Others countries in South East Asia and the pacific region including many island in Indonesia where the cashew nut as well as the cashew apple are appreciated. In Malaysia where its suitability for cultivation has been shown and the Philippines where its economic potential has been shown and the philippines where its economic potential has yet to be exploited are some of the new areas with future potential although labour requirements seem to be prohibitive, especially in Australia where conditions also appear suitable for its cultivation.
Trends in production of cashew are also related to consumption and these in turn will depend on the world economic situation. With the increase in the standard of living in developing countries, a large consumer market is developing, especially in cashew producing countries (Ohler, 1979).
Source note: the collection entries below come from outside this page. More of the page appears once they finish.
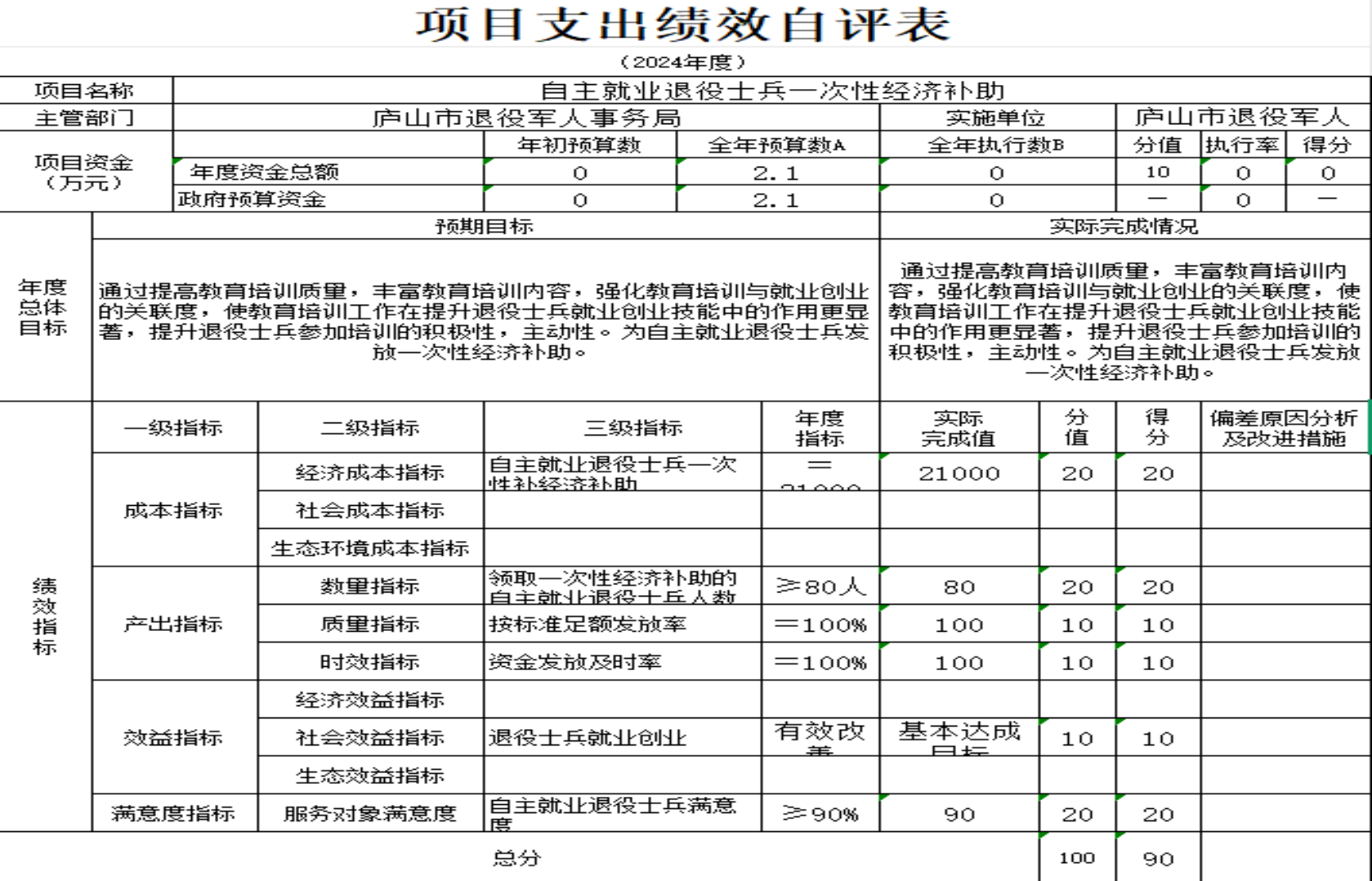 本部门自主就业退役士兵一次性经济补助项目支出绩效自评表”如下:
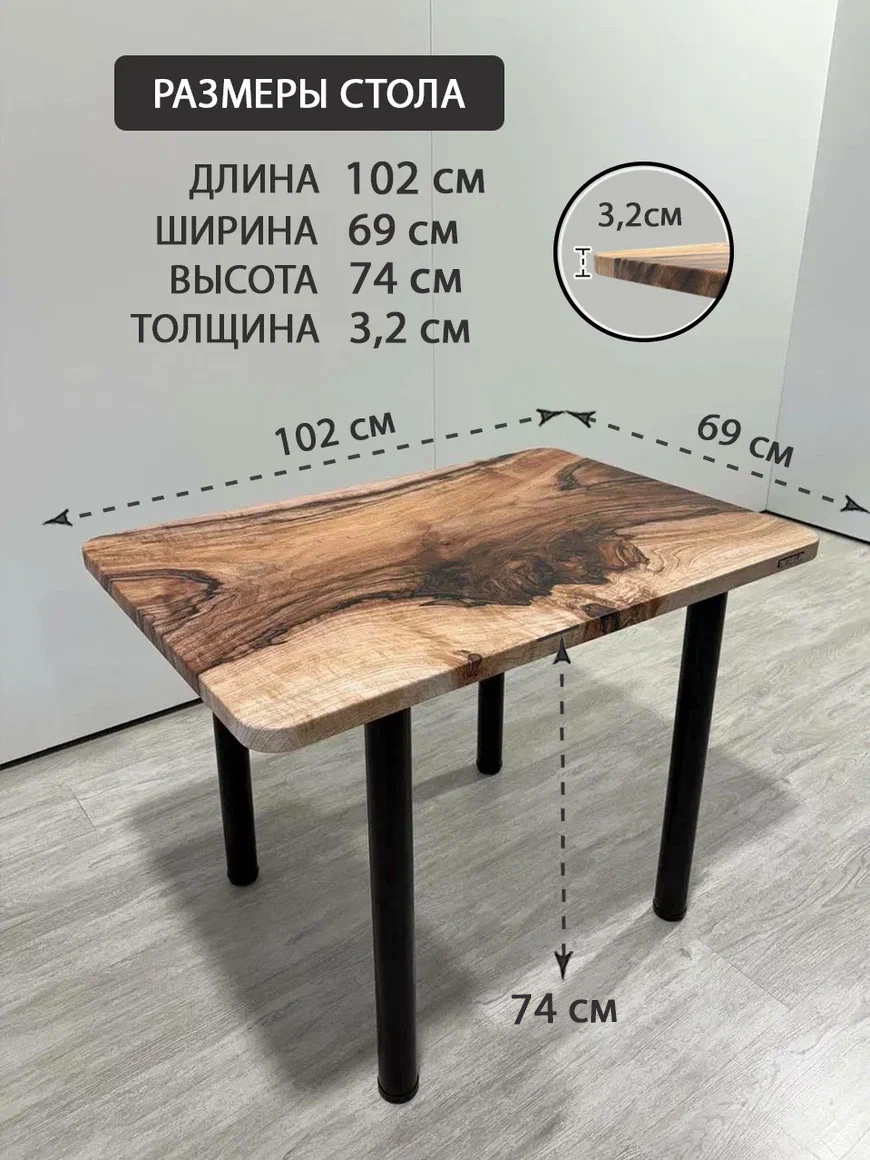 Стол кухонный обеденный прямоугольный дизайнерский лофт THETABLE RU 102х69 12.5/11.1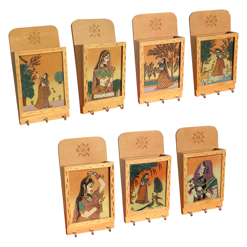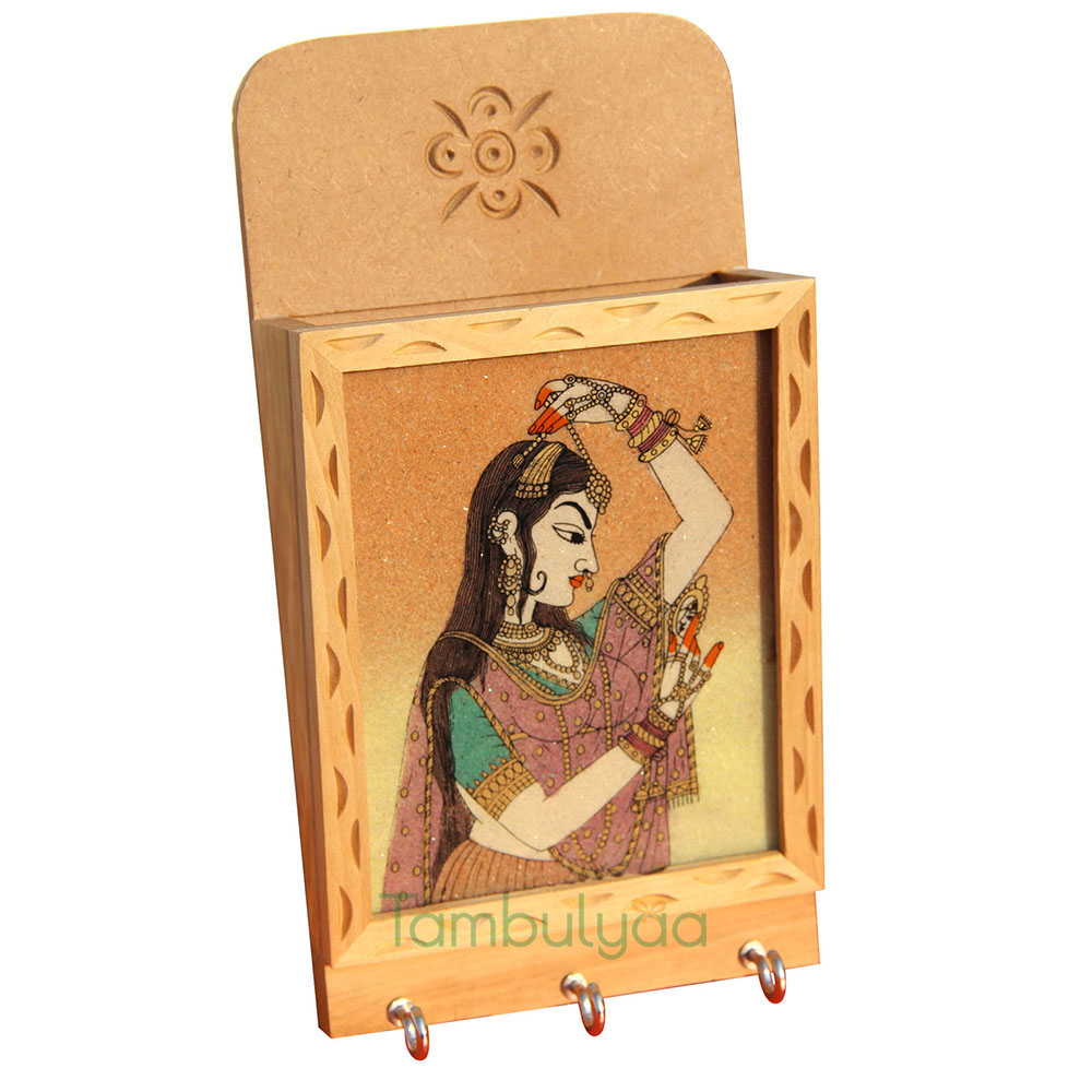 This artistic wooden letter key holder by Handicrafts Paradise is an amazing piece of Rajasthani art.The real gemstone work with different colors and designs on glass makes it very appealing to the eyes.The gemstone miniature painting of a very beautiful female adoring herself is portrayed here. The lady is doing Shringar and seeing herself in mirror.It can be used as a key holder, multipurpose holder as well as a decorative piece of royal art to enhance your interiors. It is a rare piece for personal use and a gift to near and dear ones.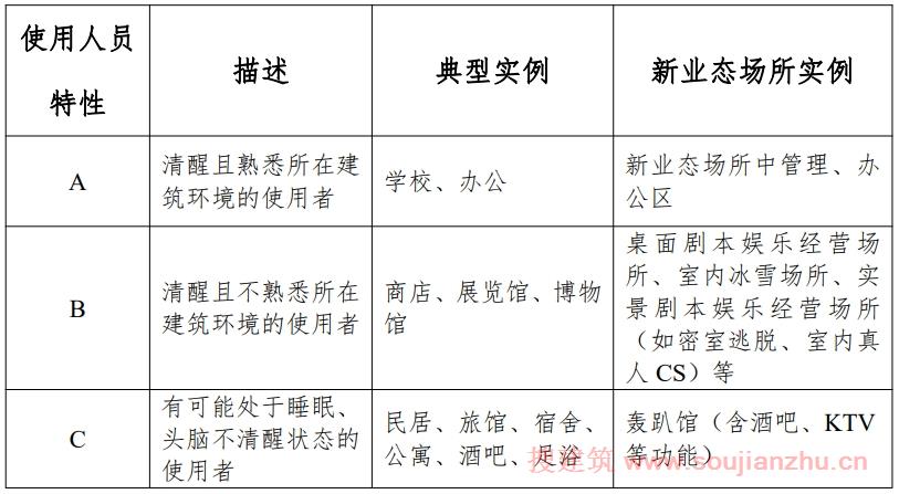 注:在同一棟建筑內(nèi)的不同功能或同一場(chǎng)所內(nèi)的不同區(qū)域可能具有不同的人員特性。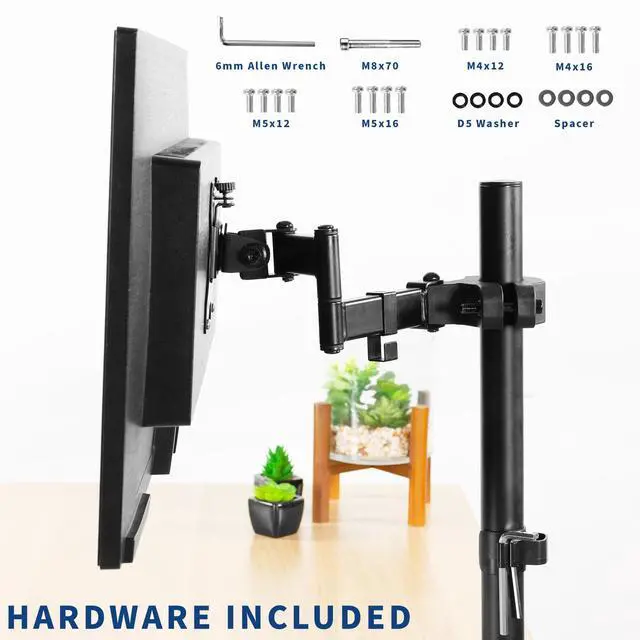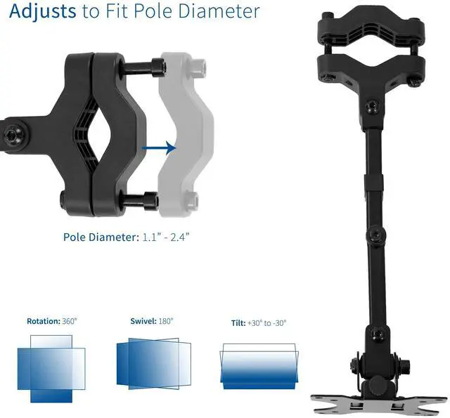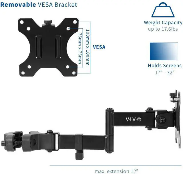 Mounting your monitor or small TV just got easier with Pole Mount Monitor Arm for VESA 75x75mm and 100x100mm (MOUNT-POLE01A) from VIVO! Whether you want to update your current monitor stands VESA compatibility or add mounting capability to an existing pole, this sturdy arm has you covered. It holds one 17 to 32 screen weighing up to 17.6 lbs and fits pole diameters from 1.1 to 2.4. Once your screen is mounted, this durable bracket is adjustable with +30° to -30° tilt, 180° swivel, and 360° rotation for comfortable viewing angles that relieve tension on the neck, back, and shoulders. We provide all the necessary hardware for assembly, and a removable VESA plate makes mounting and unmounting your screen a fast and easy process. Please Note: Pole is not included.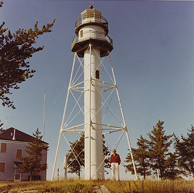 Local historian Leo Capser is shown standing at the base of the LaPointe Lighthouse in a photo most likely taken by keeper Ben Hudak. This image shows a side view of the triplex keeper’s house. (Leo Capser collection, Madeline Island Museum.) Back to the edition of: Jan/Feb 2020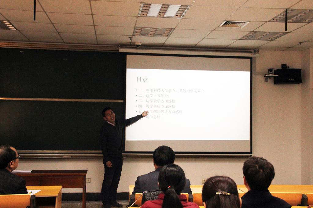 本次交流会由青年教师李培挺分享他在台湾朝阳科技大学管理欧冠直播平台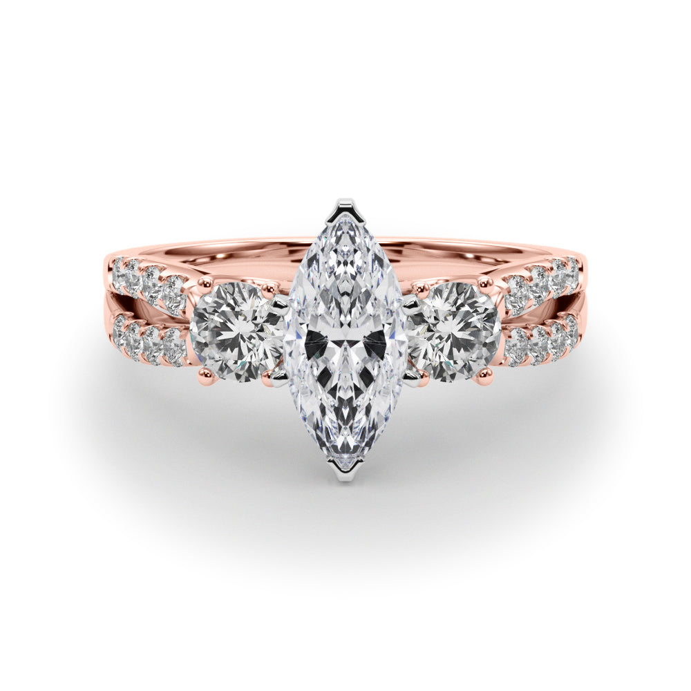 Rose gold Marquise Three-Stone Diamond Ring with Pavé Split Shank and Four-Prong Setting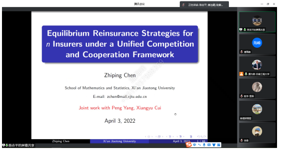 陈志平教授作题为《Equilibrium reinsurance strategies for n insurers under a unified competition and cooperation framework》的报告,考虑多个保险人之间竞争与合作的关系,他在连续动态框架下构建了理论模型,并进行仿真模拟,给出具体的经济学含义,系统探讨再保险的最优策略问题。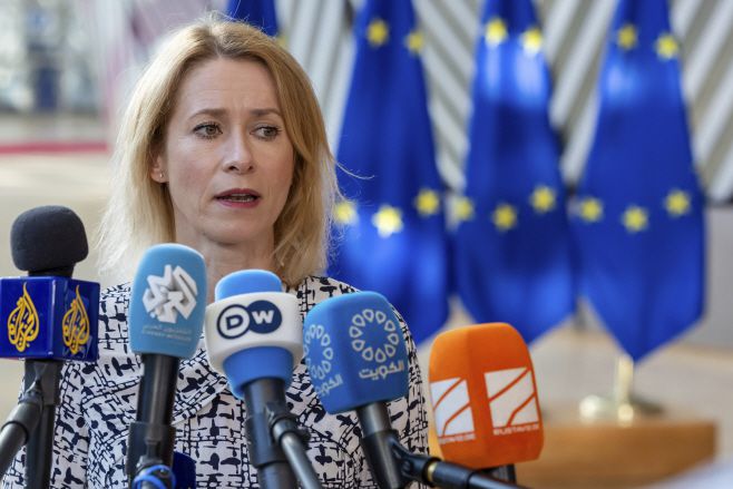 15일(현지시간) 유럽연합 외교장관 회의 참석을 위해 브뤼셀 EU 이사회 건물에 도착한 카야 칼라스 EU 외교·안보 정책 고위대표가 기자들과 대화하고 있다. /AP·연합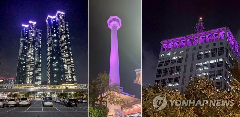 | ▲This photo shows, Busan's tourist spots illuminating in purple. (Yonhap) |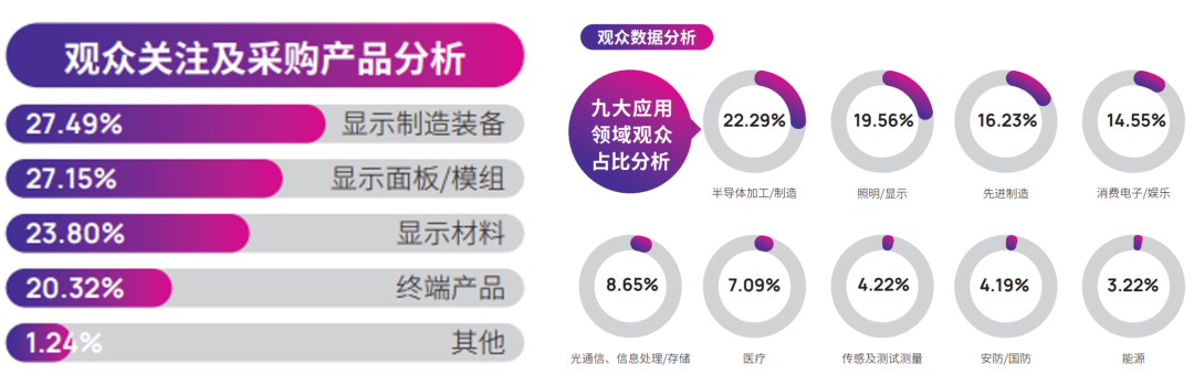 随着应用端对显示技术提出了越来越高的要求,新兴显示技术也在竞相发展,整个显示产业链、供应链,以及材料和设备国产化的需求日益加大。本次展会展现显示制造装备、材料、面板/模组之间从材料研究到产品制造的完整显示技术生态系统。本次展会将展出显示制造装备,提供从微观制造工艺到宏观生产线的全方位解析。包括:曝光设备、物理气相沉积装备、化学气相沉积装备、蚀刻设备、喷墨打印设备、涂胶设备、蒸镀设备、激光设备、巨量转移设备、固化设备、剥离设备、切割设备、洁净设备、贴合设备、缺陷检测设备、缺陷修复设备、磨边机、固化设备、视觉检测设备、清洗机等。显示材料作为显示技术的血液,其性能直接影响到显示效果的质量与应用的广泛性。展会将展示各类高性能材料,包括但不限于靶材、OLED材料、量子点、Mini/Micro LED芯片、驱动IC、PCB、FPC、玻璃基板、盖板玻璃、液晶材料、ITO玻璃、偏光片、彩色滤光片、胶粘产品、掩模版、防静电材料、电泳材料、光波导材料、光刻胶、显影液、电极材料等,这些材料的革新为显示技术的未来发展打开了新的可能性。部分材料及装备的代表企业有宁波天璇新材料、视彩(上海)光电、壹倍科技、涌创兴盛、良希光电、托托科技、速德瑞、奥来德光电等。除开显示制造装备与显示材料的展示,本次展会还将重点展示显示面板/模组,参展的显示屏和模组将涵盖从传统的LCD、LED到最新的OLED、Micro-LED等多种类型,以及 3D显示技术应用方案、COB模组、RGB封装、背光源组件等。部分代表展商有冠显光电、天璇新材料、睿显科技、视彩(上海)光电、浙江宏禧、镭昱光电、熙泰智能、壹倍科技、芯视元电子、赛富乐斯半导体、涌创兴盛、良希光电、托托科技、速德瑞、思坦科技、长星半导体、庞纳微半导体、臻像科技、希盟精密流体、奥来德、视涯科技、季华实验室、睿显熙电子等。随着Mini/Micro-LED等新型显示快速增长。其下游应用也将持续推动行业不断发展,其中显示屏幕是 VR/AR 头显的核心元器件之一。CIOE中国光博会还将重点展示AR光波导组件,成像系统,AR显示模组,衍射光栅,动作捕捉设备,声音感知设备,头盔,眼镜,一体机,交互设备,VR+应用场景等一系列的产品展示,部分参展企业有:歌尔光学、上海首镜 、理湃、 灵犀微光 、谷东科技 、珑璟光电 、耐德佳 、光舵科技 、富兰光学 、珠海莫界、 上海显耀 、鲲游 、天仁微纳、至格科技、 邑文科技 、仙瞬、 S-Dream Lab 、广纳四维 、奥提赞光晶 、爱普生、 水晶光电 、欧菲光、 辰瑞光学 、千宇 、惠牛、 Dispelix 、美题隆、 昇旸 、三奕电子 、新维度等。随着新型显示技术在半导体、照明、手机、AR/VR、智能汽车、先进制造、医疗等应用领域的广泛应用,CIOE新型显示技术展聚集了各大应用领域的专业观众。这些专业观众群体包括企业高层管理者、采购决策者、产品设计师、研发工程师、生产线管理者以及质量控制人员等,完全覆盖了显示技术产业链的各个环节。以下为优质的精准专业买家: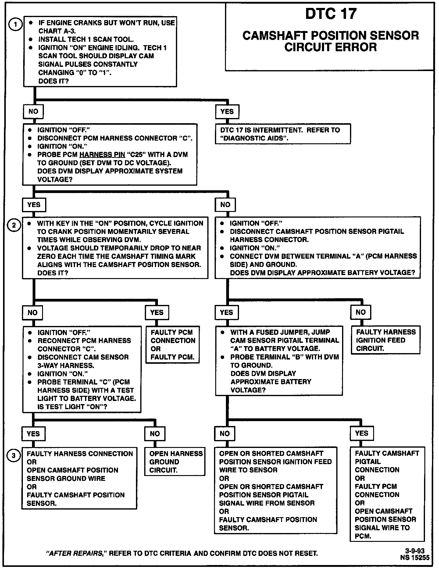 Diagnostic Trouble Code (DTC) 17 Will Set When: Cam reference pulses are not detected by the PCM for 3 seconds while the engine is running.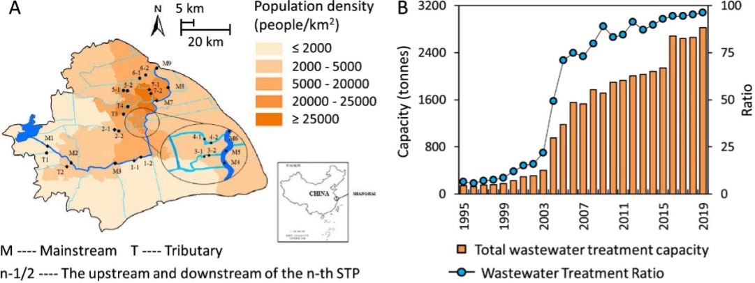 图1 (A) 上海市人口密度分布及黄浦江沿岸采样点;(B) 1995-2019年上海市污水处理总量和污水处理率。

There is also the need to explore the possibility of wider dietary utilization of the oil obtained from the shell during processing of raw nuts, which is also a potential exportable production.
1.5 AIM AND OBJECTIVE
To determine the proximate analysis of cashew nut
1.6 STATEMENT OF STUDY
Cashew nut is an important fruit which cures various diseases and add nutritive value in human diet. when carrying the practical in the laboratory the cashew nut should be properly analysed so as to obtain a maximum percentage (%) needed in human diet and for the proper growth of the body.
1.7 LIMITATION OF STUDY
The determination of the proximate analysis of cashew nut in the chemistry laboratory was limited to various percentage composition due to its nutritive value and medicinal important.
1.8 SIGNIFICANT OF STUDY
The cashew nut is important in human diet because it contains a lot of nutrient which is good to the body and it cures many diseases in the human body.